After the nominations in Step 1, we verified each nomination for its citations on Google Scholar in late October 2006, and removed those nominations that did not have at least 50 citations. All remaining (18) nominations are given on the candidate list below, organized in 10 topics. Please note that for some of these algorithms such as K-means, the citation is not given on the original paper that introduced the algorithm, but a recent paper that highlights the importance of the technique.

  • 18 Candidates for the Top 10 Algorithms in Data Mining
In the third step of the identification process, we had a wider involvement of the research community. We invited the Program Committee members of KDD-06, ICDM '06, and SDM '06 as well as the ACM KDD Innovation Award and IEEE ICDM Research Contributions Award winners to each vote for up to 10 well-known algorithms from the above candidate list. The voting results of this step were presented at ICDM '06 and are given in the slides below.
  • Panel Slides with Voting Results
We hope the identification of the top 10 algorithms can promote data mining to wider real-world applications and inspire more researchers in data mining to further explore these 10 algorithms, including their impact and new research issues.

PDF Link


Data mining Problems

Top 10 challenging problems in data mining

In a previous post, I wrote about the top 10 data mining algorithms, a paper that was published in Knowledge and Information Systems. The “selective” process is the same as the one that has been used to identify the most important (according to answers of the survey) data mining problems. The paper by Yang and Wu has been published (in 2006) in the International Journal of Information Technology & Decision Making.
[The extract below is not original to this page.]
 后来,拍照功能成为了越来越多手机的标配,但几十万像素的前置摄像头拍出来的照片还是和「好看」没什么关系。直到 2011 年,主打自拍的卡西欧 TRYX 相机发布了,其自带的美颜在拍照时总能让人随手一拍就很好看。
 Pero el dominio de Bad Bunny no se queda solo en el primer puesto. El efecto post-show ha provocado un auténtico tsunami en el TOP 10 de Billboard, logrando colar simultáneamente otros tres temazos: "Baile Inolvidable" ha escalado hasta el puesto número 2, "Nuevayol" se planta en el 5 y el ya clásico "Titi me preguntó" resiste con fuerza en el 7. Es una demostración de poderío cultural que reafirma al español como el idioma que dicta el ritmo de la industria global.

The paper contains the following problems (in no specific order):
  • Developing a unifying theory of data mining
  • Scaling up for high dimensional data and high speed data streams
  • Mining sequence data and time series data
  • Mining complex knowledge from complex data
  • Data mining in a network setting
  • Distributed data mining and mining multi-agent data
  • Data mining for biological and environmental problems
  • Data Mining process-related problems
  • Security, privacy and data integrity
  • Dealing with non-static, unbalanced and cost-sensitive data

I sometimes receive emails from master student or practitioners interested in data mining. The usual question is “What can I do as research in data mining?”. Of course, the answer depends on what you like and the opportunities of the moment. However, this paper can maybe give some hints on possible directions for research.
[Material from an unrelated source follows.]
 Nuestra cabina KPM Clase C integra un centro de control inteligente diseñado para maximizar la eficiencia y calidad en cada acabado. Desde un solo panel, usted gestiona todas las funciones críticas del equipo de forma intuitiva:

As usual, the “data mining automation process” issue is mentioned. It is worth noting that researchers argue that they need to find a way to automate data mining, while practitioners say that they can do it (for example KXEN). Finally, I think that one of the most important issue is pointed out by the following sentence in the paper:

“[...] they’re [data mining systems] unable to relate the results of mining to the real-world decisions they affect [...]“

In my opinion, it is more subjective to rank top problems than top algorithms. Most people will certainly agree on the selected data mining algorithms. The question is more subjective regarding data mining problems since some of them may only be relevant to certain fields of research.